CHIP reauthorized without unpopular waiting period
Mary Wilson, witf Capitol Bureau Chief | 10.16.13
The elimination of the waiting period is part of a broader health policy proposal aimed at expanding health insurance access to low-income Pennsylvanians.
Gov. Corbett has signed into law the elimination of an unpopular six-month waiting period for some children in the state's Children's Health Insurance Program, or CHIP.
The lag in enrollment applied to some children more than two years old - it was a way to ensure employers or consumers wouldn't drop private coverage to enroll in the public program.
Sen. Don White (R-Indiana) praised his colleagues for making the proposal a priority.
"Not often do you see legislation as important as this get on the fast track," White said. "You know, we like to bog things down and debate and kick it around. This initiative by the governor is something that was truly important."

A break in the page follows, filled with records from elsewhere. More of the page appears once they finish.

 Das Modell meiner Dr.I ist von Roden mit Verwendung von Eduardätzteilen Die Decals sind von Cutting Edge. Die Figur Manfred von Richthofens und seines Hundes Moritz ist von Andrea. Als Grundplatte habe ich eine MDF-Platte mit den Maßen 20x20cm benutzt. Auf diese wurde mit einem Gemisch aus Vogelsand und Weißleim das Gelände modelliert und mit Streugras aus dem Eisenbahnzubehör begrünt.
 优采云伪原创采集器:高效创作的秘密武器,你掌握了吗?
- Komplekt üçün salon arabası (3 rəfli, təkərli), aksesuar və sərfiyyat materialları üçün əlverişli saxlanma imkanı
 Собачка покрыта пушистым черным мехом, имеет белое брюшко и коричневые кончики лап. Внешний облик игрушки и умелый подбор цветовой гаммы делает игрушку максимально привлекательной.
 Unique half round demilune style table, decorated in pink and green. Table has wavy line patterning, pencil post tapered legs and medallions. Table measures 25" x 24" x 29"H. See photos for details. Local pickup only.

Corbett pushed for the passage of CHIP's reauthorization, and the elimination of the waiting period, as part of a broader health policy proposal unveiled last month that included a sort of hybrid approach to expanding health insurance access to low-income Pennsylvanians.
The law erasing CHIP's waiting period is effective immediately, but what the program will look like come next year is still up in the air.

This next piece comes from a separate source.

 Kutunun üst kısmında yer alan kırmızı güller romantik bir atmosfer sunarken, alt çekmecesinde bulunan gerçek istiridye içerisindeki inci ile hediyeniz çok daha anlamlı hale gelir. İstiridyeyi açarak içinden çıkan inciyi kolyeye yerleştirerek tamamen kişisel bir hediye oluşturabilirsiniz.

Federal officials told the Corbett administration last month to shift tens of thousands of children from CHIP to Medicaid by January.
Jay Pagni, the governor's spokesman, said the administration is requesting to keep more of those children in CHIP, arguing it's a superior program.

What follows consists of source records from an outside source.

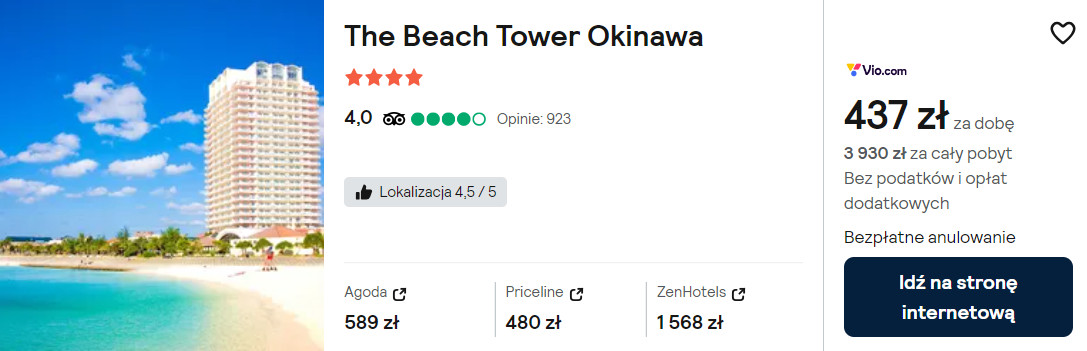 Możesz także zatrzymać się w 4* hotelu The Beach Tower Okinawa, który położony jest tuż przy plaży Sunset. Na terenie całego obiektu będziesz mieć zapewniony dostęp do sieci WiFi. Dla hotelowych gości dostępny jest także bezpłatny parking.
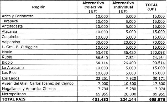 2. Los recursos involucrados por región, para la selección de postulantes según alternativa, son los siguientes:
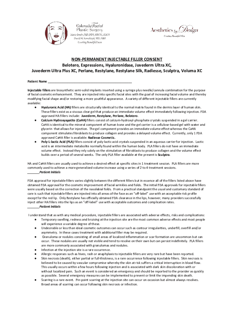 NONPERMANENT INJECTABLE FILLER CONSENT Belotero, Expressions, , Juvederm Ultra XC, Juvederm Ultra Plus XC, , , Silk, Radiesse, , Voluma XC Patient Name ___ Injectable fillers are biosynthetic semisolid
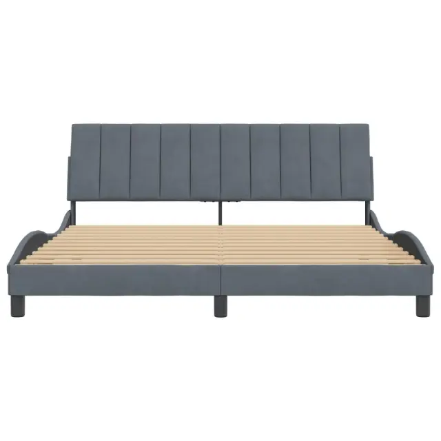Zagotovite si boljši spanec s tem posteljnim okvirjem z vzglavjem! Je prijeten dodatek za vsako spalnico. Mehak žamet: Žamet je mehka in udobna tkanina, ki je prijetna do kože.Letvice iz vezanega lesa: Letvice iz vezanega lesa omogočajo dobro porazdelitev teže in zagotavljajo, da vzmetnica ostane na mestu ob vsakem zasuku in obračanju med spanjem.Odlična podpora: Vzglavna stranica je napolnjena s peno za izjemno mehkobo in optimalno udobje ter zagotavlja odlično podporo hrbtu, ko sedite v postelji in berete ali gledate televizijo.Priročna zasnova: Vzglavna stranica ima zadrgo za preprosto namestitev, pripenjala na zadnji strani pa se lahko uporabijo za pritrditev LED lučk.Valovita stranica: Valoviti videz posteljnega okvirja je eleganten in prefinjen. Dekorju v vašem domu dodaja sodoben in eleganten pridih ter tako postane osrednja točka spalnice. Dobro je vedeti:Vzmetnica ni priložena tej postelji. Ponujamo različno izbiro ležišč. V naši trgovini si lahko ogledate ustrezne vzmetnice.Posteljni okvir z vzglavjem:Barva: Temno sivaMaterial: Žamet (100 % poliester), kovina, trdna borovina, vezan les, inženirski lesCelotne dimenzije: 218 x 185 x 74,5 cm (D x Š x V)Velikost primerne vzmetnice: 180 x 200 cm (Š x D) (vzmetnica ni priložena)Oblazinjeno vzglavje:Barva: Temno sivaMaterial: Žamet (100 % poliester)Material polnila: PenaDimenzije: 180 x 3 x 45 cm (D x Š x V)Širina primerne vzmetnice: 180 cmPotrebno sestavljanje: DaPaket vsebuje:1 x Posteljni okvir z vzglavjem1 x Oblazinjeno vzglavje
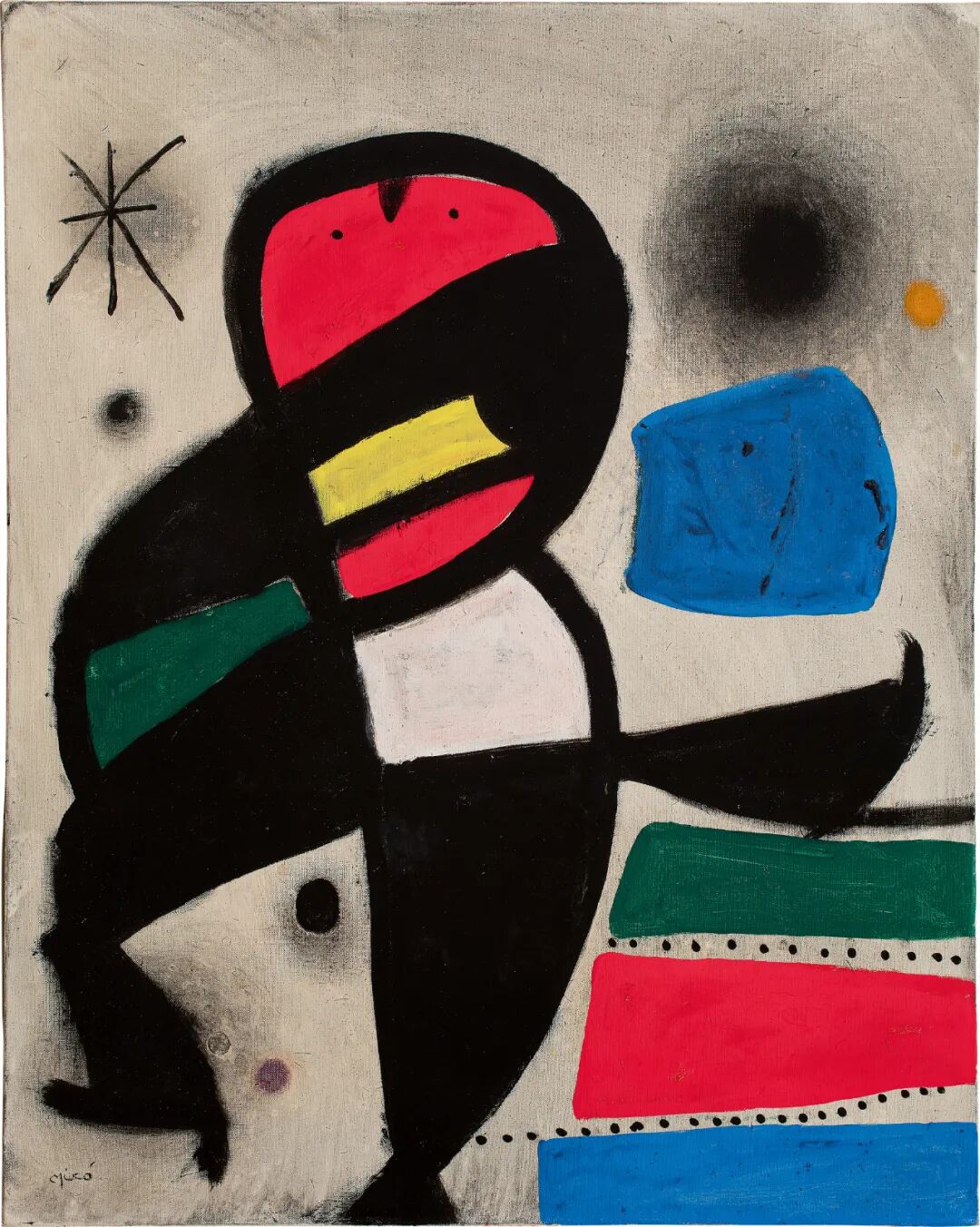 《星空漫步》是西班牙艺术家胡安·米罗(Joan Miro)晚年的杰出佳作,展现其娴熟的绘画技法以及在具象与抽象艺术边缘游走的风格。米罗在此作中运用缤纷色彩以及几何图案描绘出一幅人物在星空及月亮下悠然漫步的愉快情景。人、鸟、星空是米罗早在一九四〇年代创作的「星座」系列中便成为重要题材。《星空漫步》作于一九八〇年,可见艺术家晚年在创作方面的成长,也反映出他艺术生涯中受到的种种影响。本作浓缩 了米罗数十年的重要创作元素,各种形状和色彩展现出悠扬的情感,完美融合具象主题和抽象构图。《星空漫步》将会是胡安油画作品中首次登上亚洲拍场的作品,实属可贵。

"They can deny it - we're still working with them. We will continue to have discussions with them to ensure that we have a product in Pennsylvania, a program in Pennsylvania, best for Pennsylvania's kids," Pagni said.
Bev Mackereth, secretary of the Department of Public Welfare, said the bottom line of negotiations is that all Pennsylvania children will have health insurance, either through Medicaid or CHIP. She said it may be that children who switch to Medicaid will go into a program resembling CHIP.